- The task
Print the listing exactly as it stands, and skip any pictures in it.

- Data
================

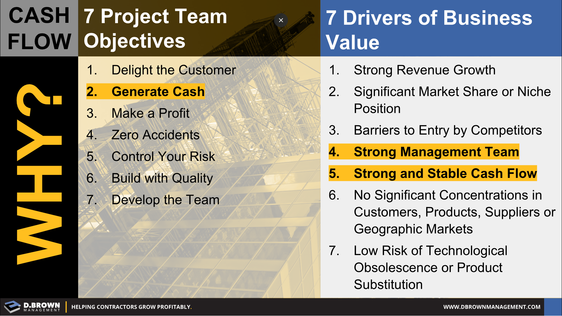 Cash flow is one of the 7 basic objectives of a construction project team and one of the 7 drivers of contracting business valuation.
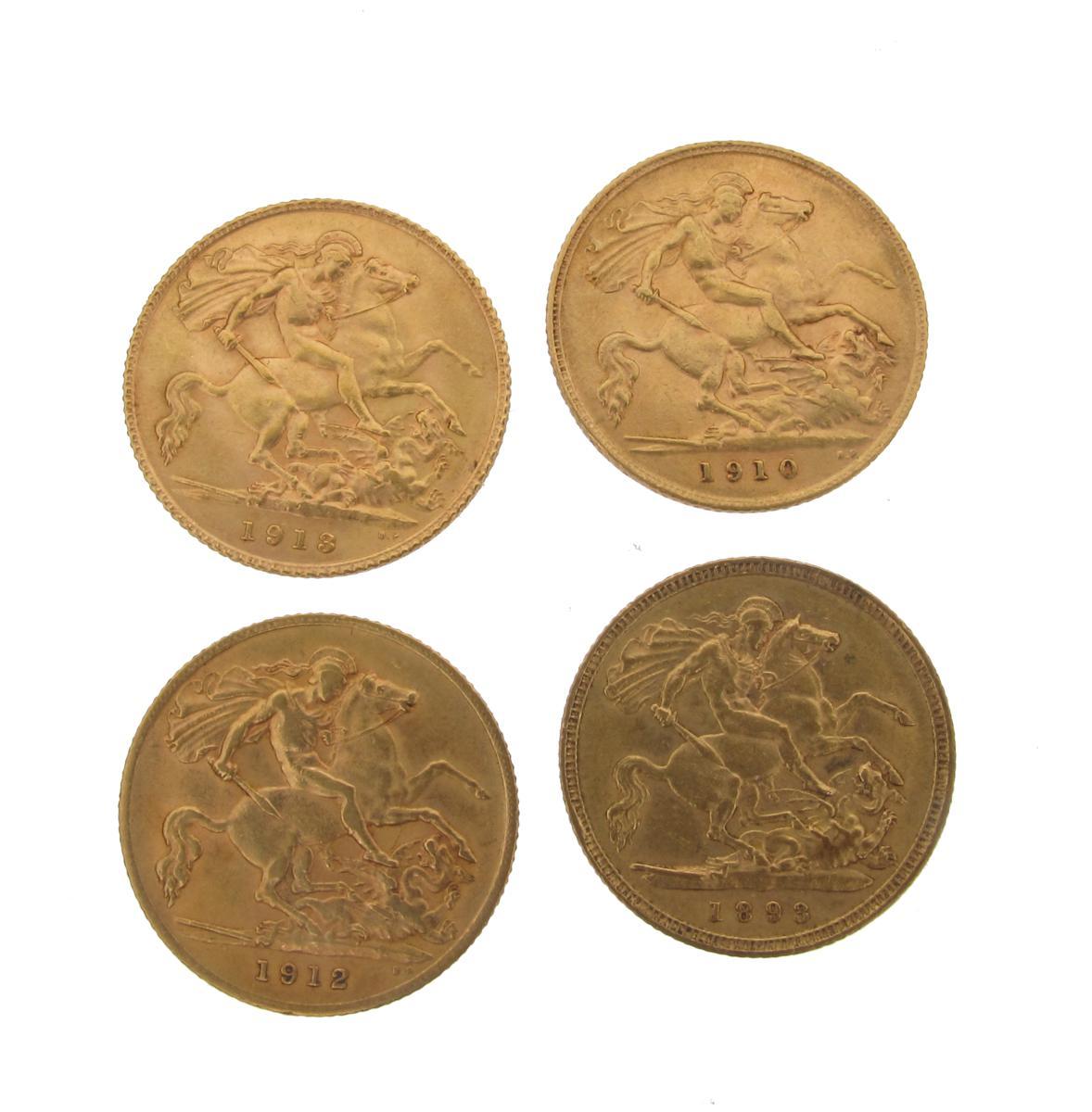 Four half sovereigns. 1893, 1910, 1912 and 1913.
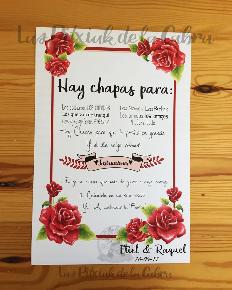 Cartel “Escoge tu chapa” fue un diseño que creamos específicamente para estos novios.
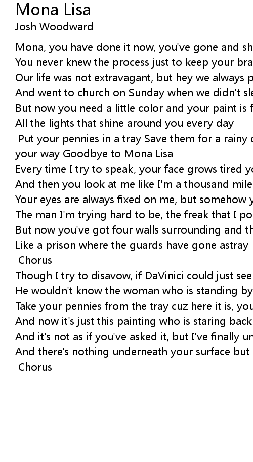 Put your pennies in a tray Save them for a rainy day And it's off you go and on your way Goodbye to Mona Lisa |

================

- Exercise output
 Cash flow is one of the 7 basic objectives of a construction project team and one of the 7 drivers of contracting business valuation.
 Four half sovereigns. 1893, 1910, 1912 and 1913.
 Cartel “Escoge tu chapa” fue un diseño que creamos específicamente para estos novios.
 Put your pennies in a tray Save them for a rainy day And it's off you go and on your way Goodbye to Mona Lisa |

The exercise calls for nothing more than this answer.